EXERCISE BRIEF
When copying the data below, keep only the lines from the one with "ניכר שיש כאן" through the one with "- Dekor ścienny, będący", word for word, and skip the pictures.

THE DATA
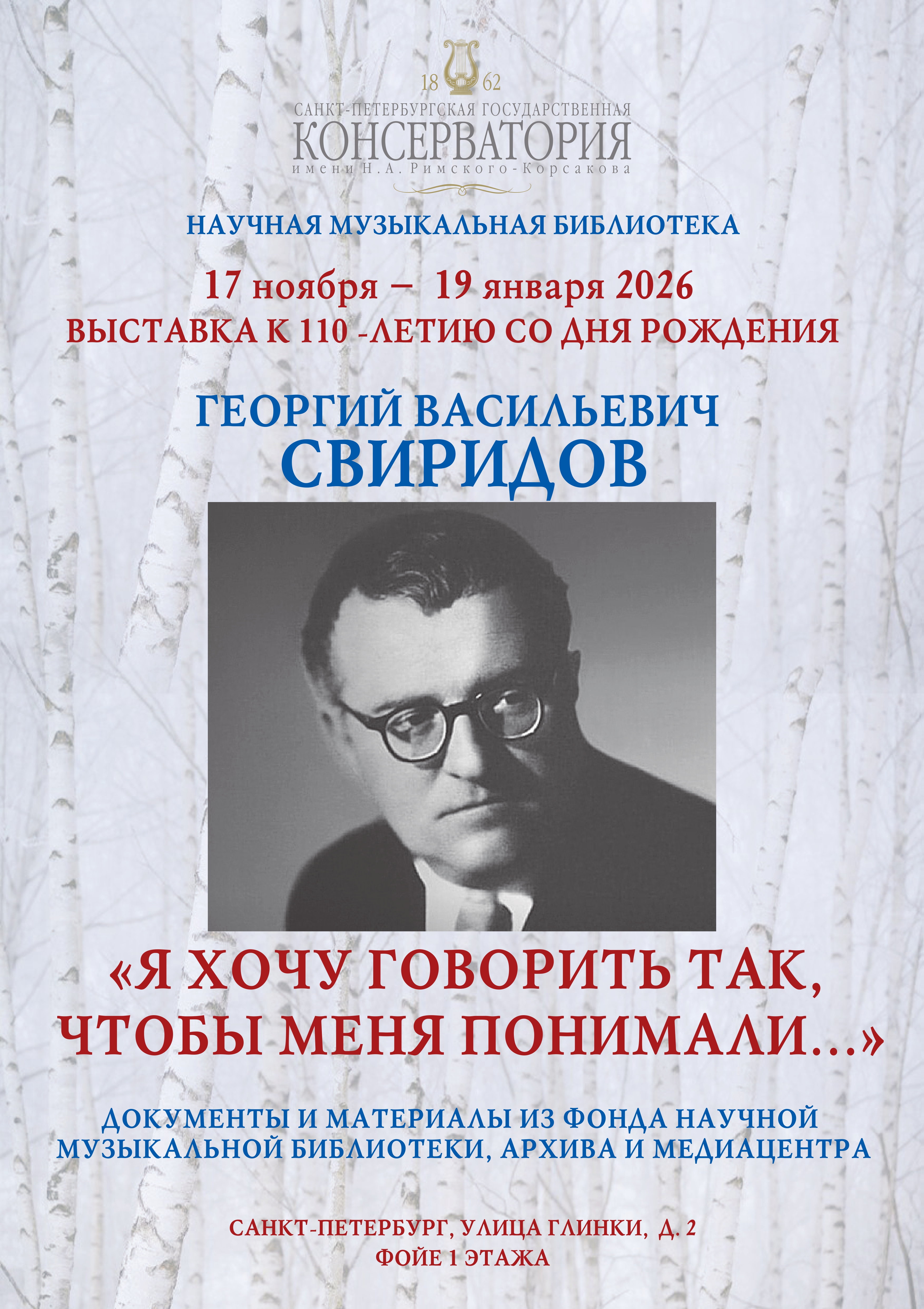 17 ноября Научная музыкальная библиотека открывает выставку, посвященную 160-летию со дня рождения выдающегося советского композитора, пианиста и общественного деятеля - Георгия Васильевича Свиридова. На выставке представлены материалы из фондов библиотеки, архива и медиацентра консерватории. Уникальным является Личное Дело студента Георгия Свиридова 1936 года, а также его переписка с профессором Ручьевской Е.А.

--

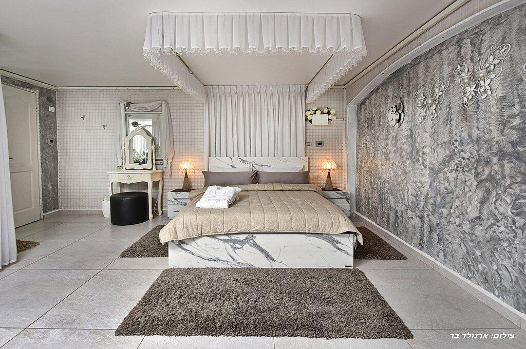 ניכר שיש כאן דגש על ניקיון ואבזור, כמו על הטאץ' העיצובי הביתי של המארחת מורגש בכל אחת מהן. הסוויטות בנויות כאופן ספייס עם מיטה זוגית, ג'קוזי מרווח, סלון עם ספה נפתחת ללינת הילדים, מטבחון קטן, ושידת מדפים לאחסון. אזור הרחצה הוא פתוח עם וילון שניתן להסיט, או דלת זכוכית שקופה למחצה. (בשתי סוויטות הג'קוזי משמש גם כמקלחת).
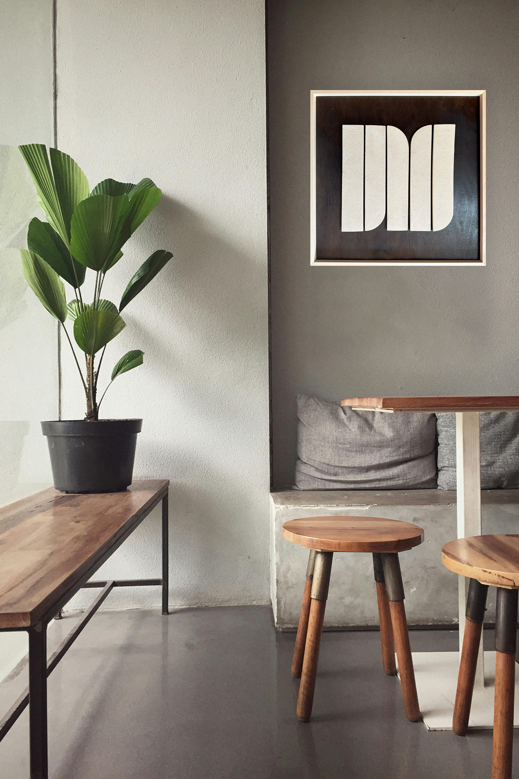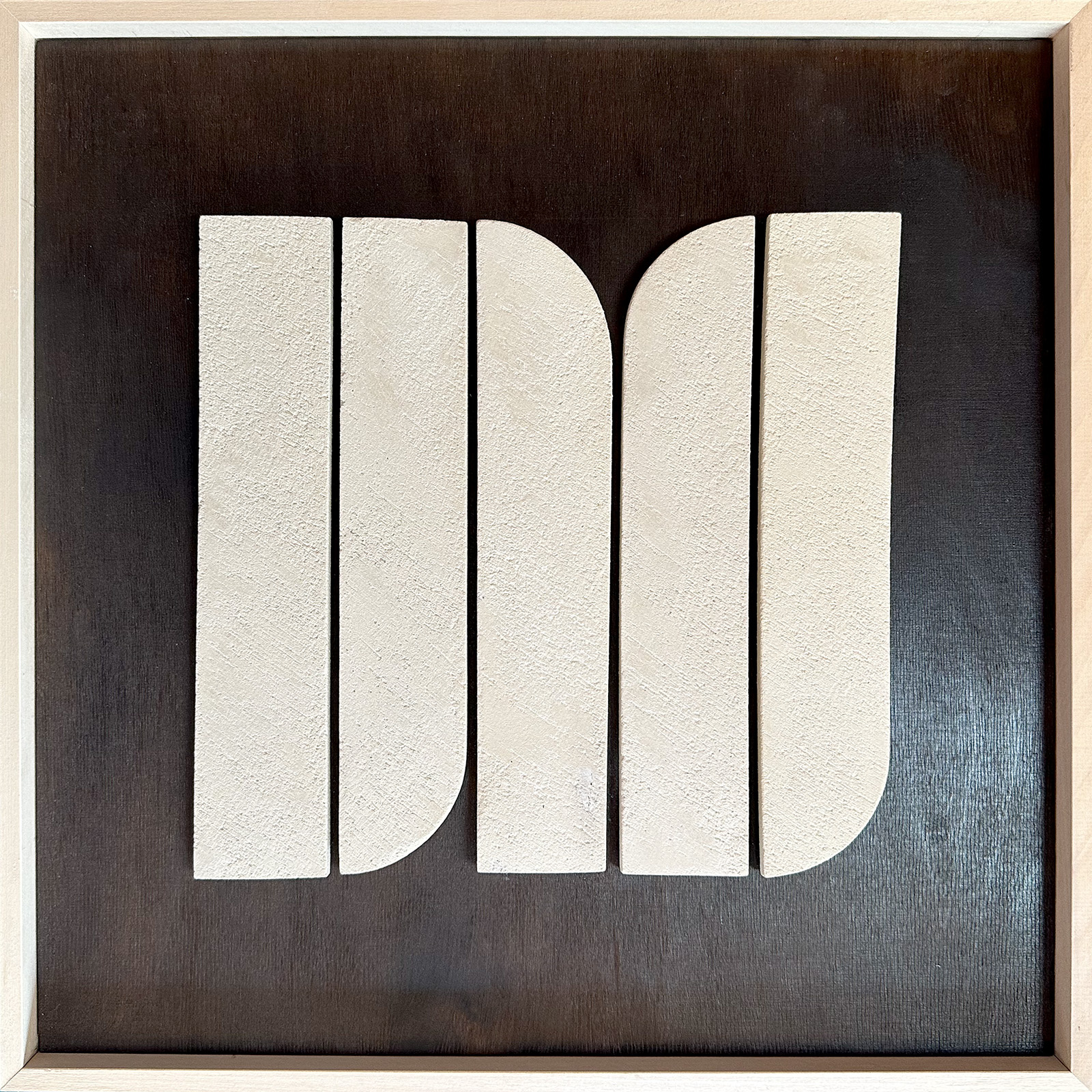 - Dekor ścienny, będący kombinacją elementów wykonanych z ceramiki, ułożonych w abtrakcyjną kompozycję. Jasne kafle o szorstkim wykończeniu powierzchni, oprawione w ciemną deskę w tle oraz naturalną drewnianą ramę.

EXERCISE RESULT
 ניכר שיש כאן דגש על ניקיון ואבזור, כמו על הטאץ' העיצובי הביתי של המארחת מורגש בכל אחת מהן. הסוויטות בנויות כאופן ספייס עם מיטה זוגית, ג'קוזי מרווח, סלון עם ספה נפתחת ללינת הילדים, מטבחון קטן, ושידת מדפים לאחסון. אזור הרחצה הוא פתוח עם וילון שניתן להסיט, או דלת זכוכית שקופה למחצה. (בשתי סוויטות הג'קוזי משמש גם כמקלחת).
 - Dekor ścienny, będący kombinacją elementów wykonanych z ceramiki, ułożonych w abtrakcyjną kompozycję. Jasne kafle o szorstkim wykończeniu powierzchni, oprawione w ciemną deskę w tle oraz naturalną drewnianą ramę.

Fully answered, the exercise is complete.